Here $m = (-4)^{1/4}$.

Now $-4 = 4(\cos(\theta) + i\sin(\theta))$ in polar form where $\theta = (2n-1)\pi$.

By de Moivre's theorem

$m = (-4)^{1/4} = 4^{1/4}(\cos(\frac{\theta}{4}) + i\sin(\frac{\theta}{4}))$

For $n = 0$, $\displaystyle m = \sqrt{2}\left(\frac{1}{\sqrt{2}} - \frac{i}{\sqrt{2}}\right) = 1 - i$,

For $n = 1$, $\displaystyle m = \sqrt{2}\left(\frac{1}{\sqrt{2}} + \frac{i}{\sqrt{2}}\right) = 1 + i$,

For $n = 2$, $\displaystyle m = \sqrt{2}\left(-\frac{1}{\sqrt{2}} + \frac{i}{\sqrt{2}}\right) = -1 + i$,

For $n = 3$, $\displaystyle m = \sqrt{2}\left(-\frac{1}{\sqrt{2}} - \frac{i}{\sqrt{2}}\right) = -1 - i$

5

You can also factor $x^4+4=(x^2-2x+2)(x^2+2x+2)$.

  • 1
    BTW, this also proves that $n^4+4$ is never a prime, for $n$ an integer.

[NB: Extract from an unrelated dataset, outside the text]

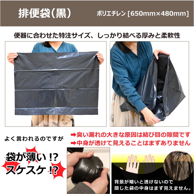 【 排便袋について 】排便袋は日本の家庭用トイレに合わせたサイズ(約650×480mm)で、便器にかぶせて使用可能。黒色ポリエチレン製で中身が透けにくく、しっかり結べる厚み。 簡易トイレとして非常時でも使いやすいよう設計されています。「袋が薄い」と感じられることがありますが、臭い漏れの主因は厚さではなく結び目の隙間や袋の材質・構造です。 数ミクロンの厚さの差で選ぶより、防臭性能が必要な場面では専用の防臭袋との併用をおすすめします。 お子様や高齢の方でも扱いやすく、処理しやすいバランスを意識した仕様です。 ※静電気や湿気により袋が開きにくい場合があります。 指を湿らせる、または開け口を揉み合わせると開きやすくなります。

See http://math.stackexchange.com/questions/21146/prove-a-number-is-composite/21147#211472011-02-20
4

HINT $\rm\ -4 = m^4\ \Rightarrow\ \pm 2\ i = m^2 = (a+b\ i)^2 = a^2-b^2 + 2\:a\:b\ i\ \Rightarrow\ |a| = |b| = 1\:$.